The FROB has opened a public tender for “at least one investment bank” to begin designing the strategy to carry out the privatization of BFA-Bankia. In the event that this divestment is finally carried out (which will be done yes or yes, since it is a European mandate), this bank or banks will have to provide advice on the different steps to be followed throughout the process. To avoid frightening anyone, the FROB makes clear in its note that in no case will the provision of these advisory services cause conflicts of interest with respect to participating in the direct sale of this shareholding package.

And is that the body responsible for the restructuring of the Spanish financial system has spared no facilities to attract investment bank for itself . The contest itself does not even part with a maximum award figure. All a blank check for entities such as Goldman Sachs or JP Morgan, which have already done business repeatedly with the sale of assets of the nationalized bank. Free advice is what they have, which ends up being charged in other ways .
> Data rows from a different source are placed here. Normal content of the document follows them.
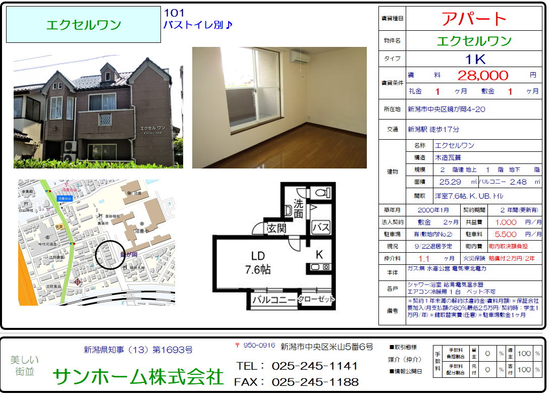 エクセルワン101(新潟市中央区鏡が岡4-20) 1K 28,000円
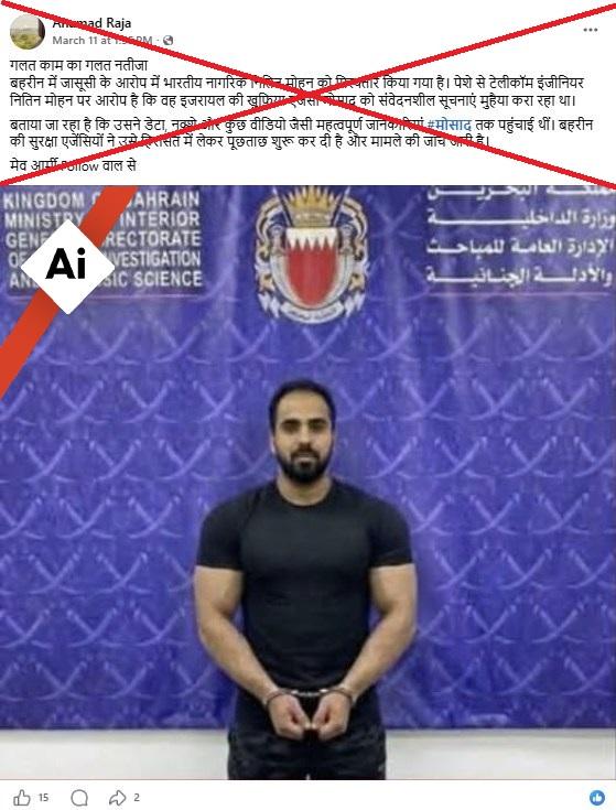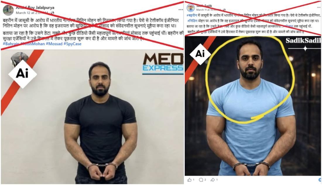 फ़ेसबुक पर 10 मार्च 2026 को पोस्ट की गई तस्वीर का कैप्शन है: "बहरीन में जासूसी के आरोप में भारतीय नागरिक नितिन मोहन को गिरफ्तार किया गया है. पेशे से टेलीकॉम इंजीनियर नितिन मोहन पर आरोप है कि वह इजरायल की खुफिया एजेंसी मोसाद को संवेदनशील सूचनाएं मुहैया करा रहा था."
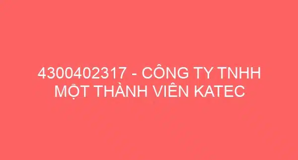 4300402317 – CÔNG TY TNHH MỘT THÀNH VIÊN KATEC Đăng vào 28/01/2025Tác giả daithinh 0 4300402317 – CÔNG TY TNHH MỘT THÀNH VIÊN KATECDoanh nghiệp liên quan:Công Ty TNHH Một Thành Viên Katec
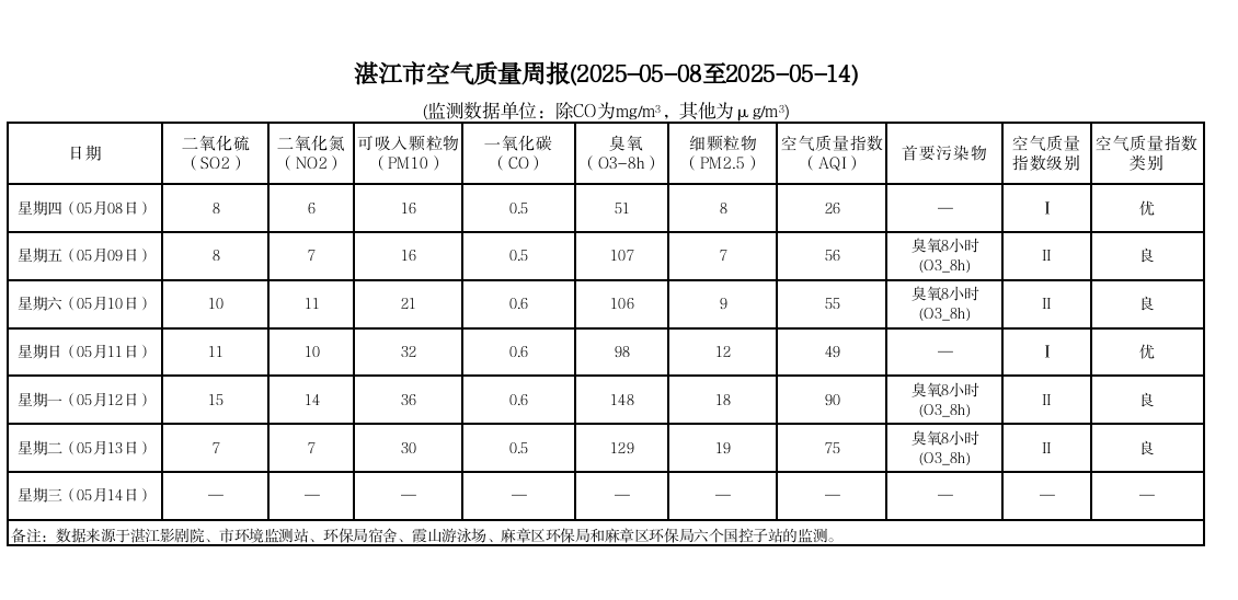 湛江市空氣質(zhì)量周報(2025-05-08至2025-05-14)
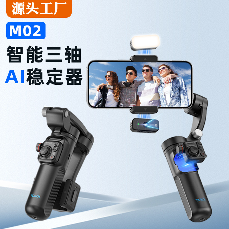 M02 Penstabil Ponsel Tiga Sumbu Anti-goyang Pegangan Genggam Gimbal AI Pelacakan Wajah Ponsel Langsung Penyangga Desktop NCC

The other day I questioned the opportunity to sell in a hurry the majority public participation in BFA-Bankia. It is in the interest of the Government to sell as soon as possible to send a (other) positive signal to the markets ; This fact is now going to overlap with the clear incentive of the international investment bank to carry out these loans as soon as possible, of which the beneficiary parties will surely be . The question is, and is it also of the interest of the taxpayers?

Bad times for Sareb

The one known as Banco Malo (Sareb) is living, in its little more than a year of existence, a stormy time. Although it has managed to surpass the sales targets set for 2013 , the semi-public entity in charge of selling the toxic assets acquired to the nationalized bank has been engaged in an internal and external crisis for weeks.

Belén Romana, president of Sareb

Internal because recently its financial director, Walter de Luna, has resigned from his position. Although the Sareb has not given details and has been limited to thanking the work carried out by De Luna, a journalist as well informed as Eduardo Segovia speaks of “deep discrepancies” with the president of the entity, Belén Romana, a personal friend of the minister of Economics, Luis de Guindos.

The external image of the Bad Bank is also touched for several reasons. One of them is the jerking of the ears that the Troika has given due to delays in the implementation of an effective business plan and another the wrong price policy carried out by society. The European authorities see a high number of “challenges” that Sareb has to face, and do not seem convinced that they can be carried out without a high cost to the taxpayer.

Special mention deserves the scandal that we have known this week. And it is that the Sareb has sold to vulture funds houses that had already been reserved by private customers, who had already paid a signal for them . As we have been told by some affected, the curious thing is that the entity wanted to reverse the operation already agreed even though the price offered by the vulture fund was less than that of the individual. The Bad Bank, which has explained its position in a statement, should be (is my opinion) more careful with these things: There are many eyes pending what they do, and should act not only watching the general interest, but also with an unblemished ethic.